In this case, the environment defines action_space:
self.action_space = spaces.Box(low=-3, high=3, shape=(len(self.assets),)) # len(self.assets) always equals 1 currently
We sometimes see actions as far out-of-bounds as ± 60.
Additionally, ARS starts with actions around the 0.0 mark, but then increasingly grows to the bounds and then exceeds the bounds to where 99% for all actions are out of bounds as training progresses.
We expect ARS actions to respect the Box action space range.

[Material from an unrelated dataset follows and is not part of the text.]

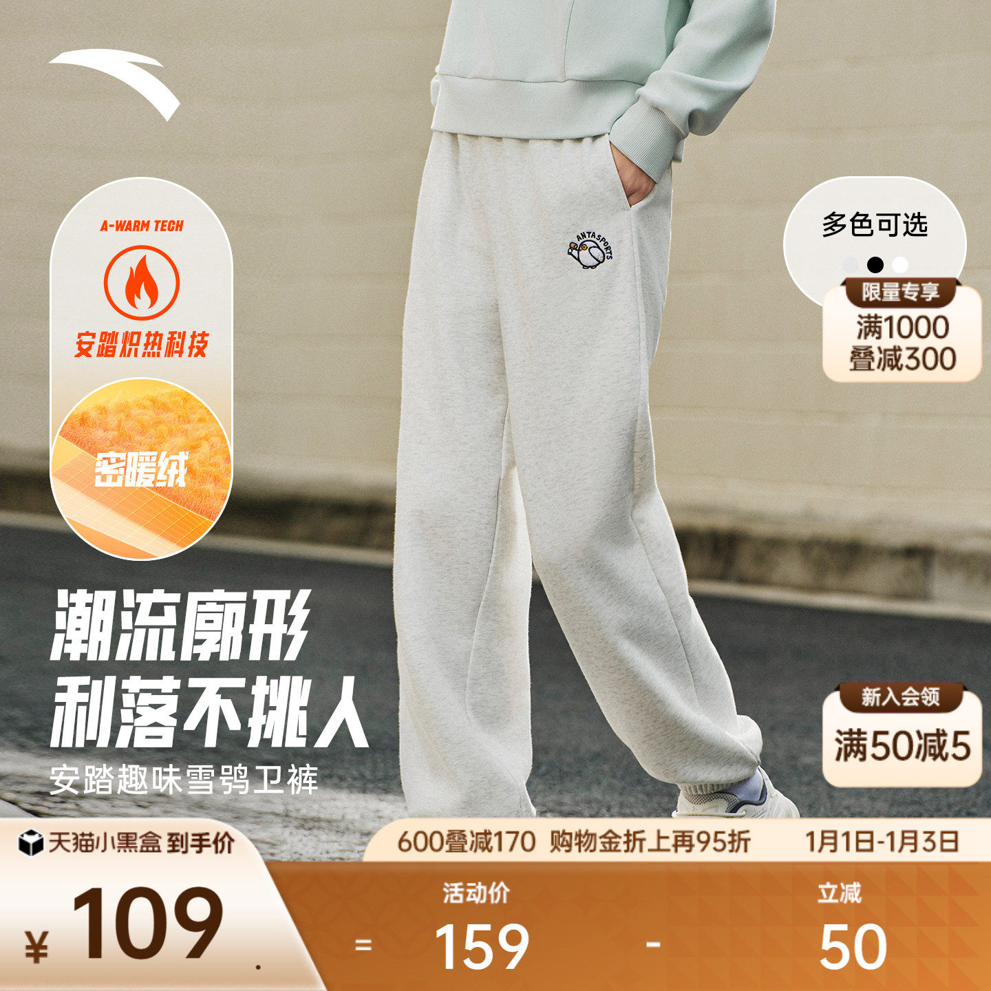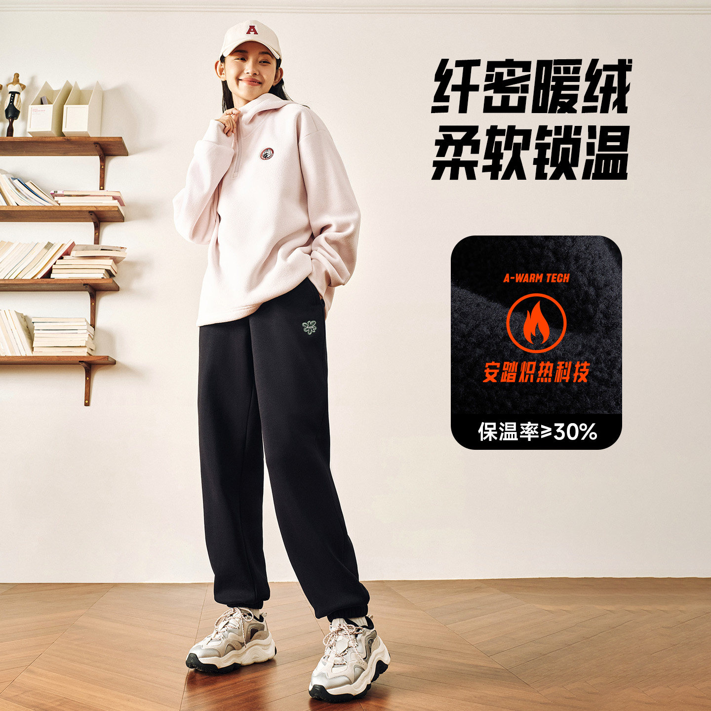 安踏雪鸮卫裤丨休闲束脚裤女冬季新款加绒保暖针织长裤宽松运动裤

What I have tried normalize actions = true and false, no change different exploration functions, disable exploration, no change pass clip_actions = true and false to compute_actions(), no change Upgrading Ray to 2.0.0, no change Tried PPO, PPO respects Box bounds We tried adding unsquash code to the ARS compute_single_action() but i suspect since ARS is probably not normalizing action space, this didn't appear to function properly
We see that ARS is overriding compute_single_actions() and probably doesn't contain normalize, unsquash or clip code to process those configuration flags. Since ARS doesn't override compute_actions() which does contain normalize, unsquash and clip code, ARS is probably not using that for training. We tried to debug that in training but we were not able to debug into the workers.

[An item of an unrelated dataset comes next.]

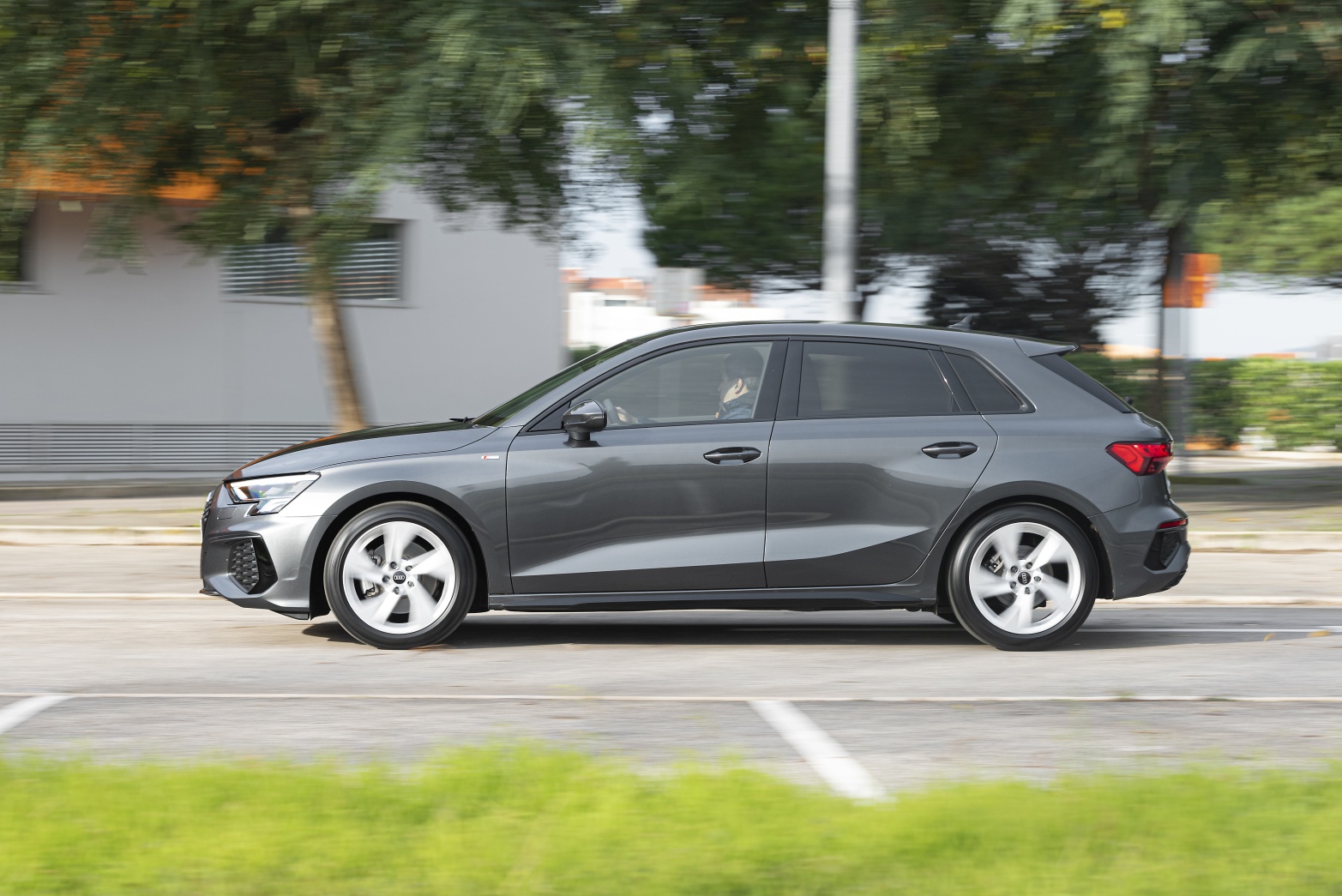 Aspeto bastante positivo deste A3 Sportback é o seu chassis, que exibe enormíssima competência em toadas mais dinâmicas (apesar do eixo de torção atrás), oferecendo confiança e segurança ao condutor nas estradas sinuosas. A isso não é alheio o facto de ter uma altura ao solo rebaixada em 15 mm inerente ao equipamento S line, razão pela qual adota uma postura mais firme, embora não comprometa grandemente o conforto dos ocupantes. Com rolamento de carroçaria muito contido e direção precisa e informativa, este modelo assume-se como uma proposta direcionada para quem faz do prazer de condução um argumento de compra – mesmo que nesta versão de 110 CV ‘sobre’, claramente, chassis.

Sample of training output: Worker pid=176481) NEW STEP>>>>>>>>>>>>>>>>>>>>>>>>>>>>>>>>>>>> (Worker pid=176481) x: 9.205153 (Worker pid=176481) action: 2 (Worker pid=176481) OOB (Worker pid=176481) NEW STEP>>>>>>>>>>>>>>>>>>>>>>>>>>>>>>>>>>>> (Worker pid=176481) x: 6.871564 (Worker pid=176481) action: 2 (Worker pid=176481) OOB (Worker pid=176481) NEW STEP>>>>>>>>>>>>>>>>>>>>>>>>>>>>>>>>>>>> (Worker pid=176481) x: 7.683341 (Worker pid=176481) action: 2 (Worker pid=176481) OOB (Worker pid=176481) NEW STEP>>>>>>>>>>>>>>>>>>>>>>>>>>>>>>>>>>>> (Worker pid=176481) x: 8.150882 (Worker pid=176481) action: 2 (Worker pid=176481) OOB (Worker pid=176481) NEW STEP>>>>>>>>>>>>>>>>>>>>>>>>>>>>>>>>>>>> (Worker pid=176481) x: 7.7060976 (Worker pid=176481) action: 2 (Worker pid=176481) OOB (Worker pid=176481) NEW STEP>>>>>>>>>>>>>>>>>>>>>>>>>>>>>>>>>>>> (Worker pid=176481) x: 4.4323587 (Worker pid=176481) action: 2 (Worker pid=176481) OOB
Versions / Dependencies
Versions: ray = 1.12.0 gym = 0.21.0 python = 3.7
Reproduction script
I have a reproduction project (https://github.com/imnotpete/ARS-OOB-Reproduction), in a notebook. It’s based on my latest pull of FinRL-Meta, without any future changes.
Issue Severity
High: It blocks me from completing my task.